The Creg’s view, atmosphere, Manx cakes and Bushy’s Goose Neck Bitter provide an ideal environment to consider some of the bits and bobs I’ve picked up around the paddock at the 2016 Isle of Man TT.

First and foremost, the buzz is about speed. Every rider and team member I’ve spoken to shakes his head a little and says something to the effect of “holy crap, everyone is flying.” Lap records were challenged in practice, and obliterated when racing began. Michael Dunlop made history on the first lap of the Superbike race when, from a standing start, he clocked the first ever sub-17 minute lap of the Mountain Course – 16m 58s, at an average speed of 133.369 mph.

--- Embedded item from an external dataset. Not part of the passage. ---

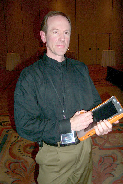 Microsoft product manager Bert Keely shows off the Tablet PC at the press reception after the Gates keynote. Yes, it's very cool.

Ian Hutchinson smashed the lap and race records in Monday afternoon’s RL360 Quantum Superstock TT race, with an opening lap of 133.098 mph, showing that the line between Superbike and Superstock machines has been blurred.


Ian Hutchinson at Creg-ny-baa in the Superstock TT race. Photo by Dave Kneen at Pacemaker Press International.

The next morning at the parc ferme, I spoke to motorcycle racing fixture Paul Butler. With a resume that includes running the Kenny Roberts race team, Race Director for MotoGP, Clerk of the Course for the Macau GP, and now a part-time RD for MotoAmerica, Paul has seen it all, and takes the record-breaking speeds in stride. “They’ll keep getting faster; people were astonished 30 years ago as well.” He is also confident that we’ll see American riders “reentering the world stage in a few years” via MotoAmerica.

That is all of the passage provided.